GIVEN MATERIAL START

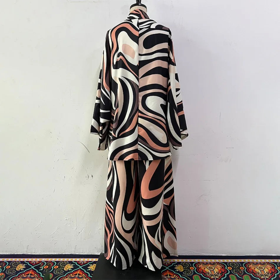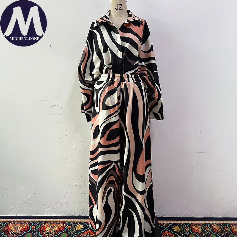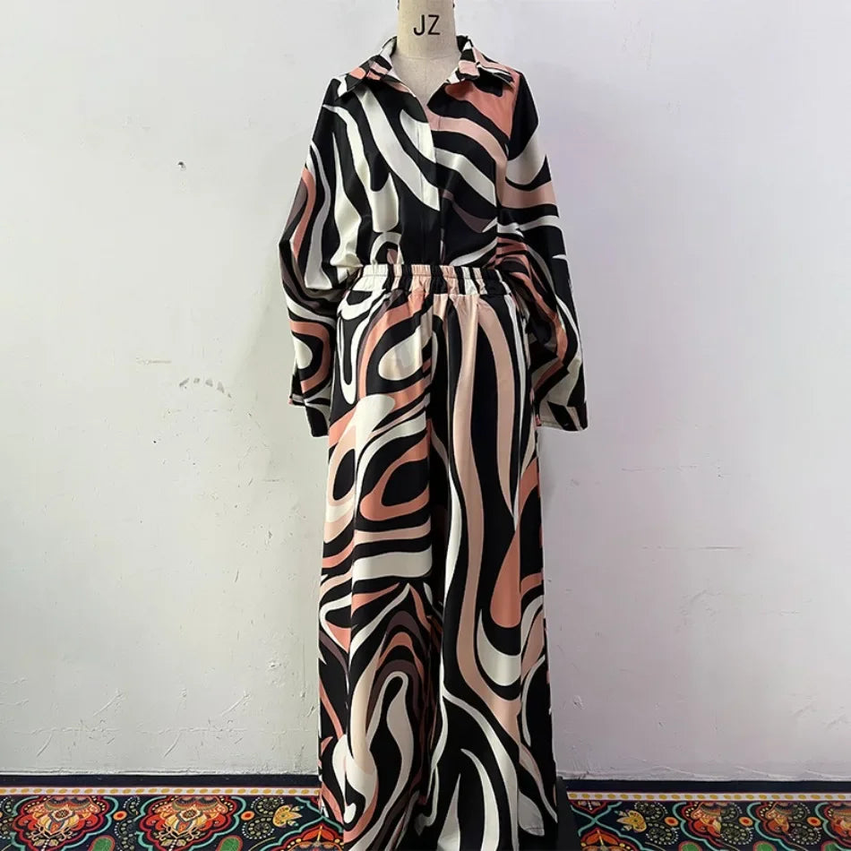 Women's Two Pieces Set Spring Autumn New Elegant Printed Long Sleeves Tops Suits Fashionable Casual Loose Wide Leg Pants Sets
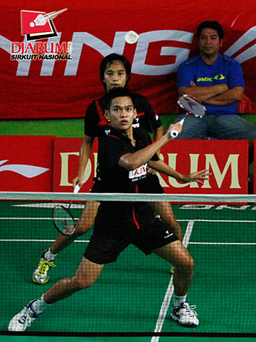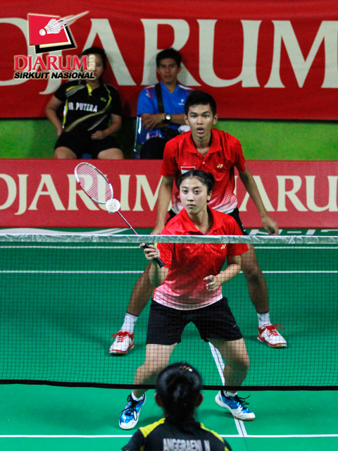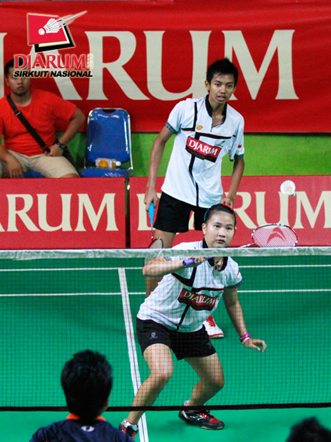Abu Bakar/Febriani Endar (PB djarum) bersiap menyambar pengembalian tanggung dari Alfian Sanganji/Clara Titi (Pusdiklat Jaya Raya).
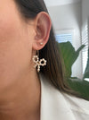 These are vintage 18k bow pearl earrings. They hang approx 1.5” and are hook back earrings. They are approx 3.3g
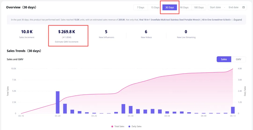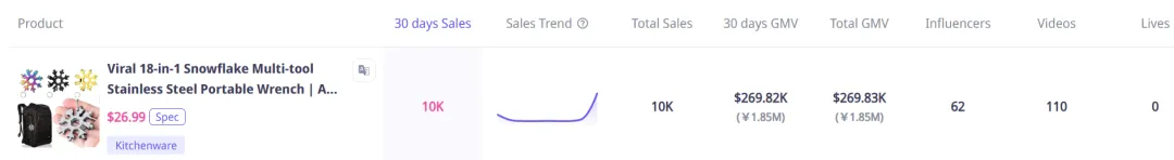 根据EchoTik数据,这款来自 SmartDP 的雪花扳手的表现堪称“现象级”。

GIVEN MATERIAL END

Only the lines from the first line of the data above through the line with "These are vintage" should appear in the answer, retyped exactly, with every picture left out.

 Women's Two Pieces Set Spring Autumn New Elegant Printed Long Sleeves Tops Suits Fashionable Casual Loose Wide Leg Pants Sets
Abu Bakar/Febriani Endar (PB djarum) bersiap menyambar pengembalian tanggung dari Alfian Sanganji/Clara Titi (Pusdiklat Jaya Raya).
 These are vintage 18k bow pearl earrings. They hang approx 1.5” and are hook back earrings. They are approx 3.3g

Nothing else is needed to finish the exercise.